A Response from Clive Hamilton, professor of public ethics at the Centre for Applied Philosophy and Public Ethics, a joint center of Charles Sturt University and the University of Melbourne
The ecomoderns’ techno-fetishism is possible only because they don’t think about politics. It is true that thinking about the politics of climate change is depressing. For those who “embrace an optimistic view toward human capacities and the future,” the easiest path is to ignore the messy world of politics and focus one’s gaze on humankind’s amazing technological achievements.

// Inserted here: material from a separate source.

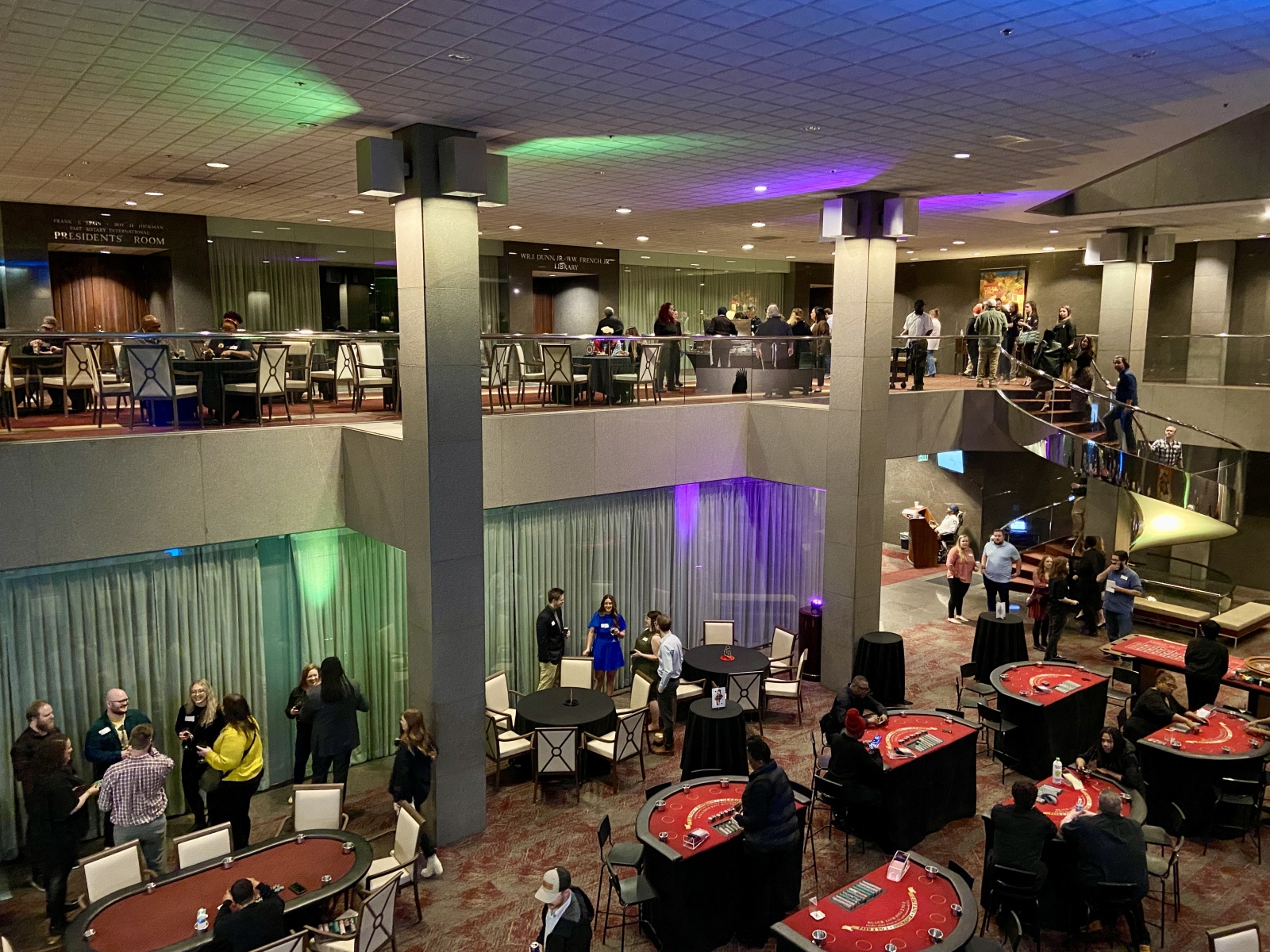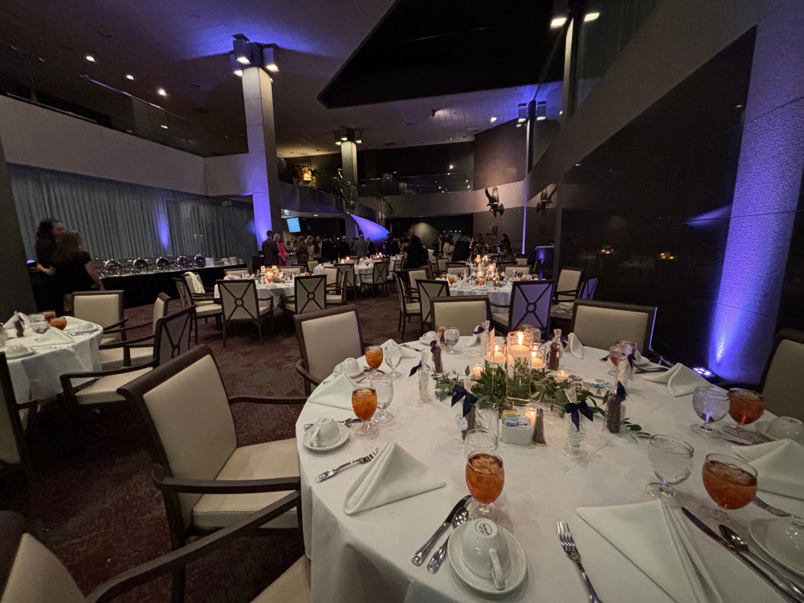 Located on the first floor of The Harbert Center, the sky-lit Atrium provides a striking backdrop for cocktail hours, receptions, and social gatherings. The space accommodates up to 80 guests seated, 140 theater-style, or 200 guests for a reception, making it an ideal option for both standalone events and pre-function gatherings.

And so in the manifesto, which tells a story of how we got here and where we should go, there is no mention of the forces, national and international, that have given us rising carbon dioxide concentrations, acidifying oceans and all the rest. We look in vain to find reference to the proven power of corporations and lobbyists to stop environmental laws, or to the total victory of money politics in the United States, now entrenched after Citizens United. Exxon and organized denialism do not appear even between the lines.
For the ecomoderns, the story of the past and the story of the future revolve around one thing: “Meaningful climate mitigation is fundamentally a technological challenge.” It’s an entire historiography in which the human relationship to the natural world depends essentially on human ingenuity and entrepreneurship. It is not kings, presidents, proletarians or generals who make history — but rather scientists, inventors and engineers, and it is they who will save us.
If you believe that solving the climate change problem “is fundamentally a technological challenge,” then we are in this mess not because of the power of the fossil fuel lobby, not because of the influence of the campaign of denial, not because of money politics, not because persuading consumers to accept a price on carbon seems too hard, and not because getting international cooperation has been fraught. No, we are in this mess because technology has not evolved quickly enough to avoid it.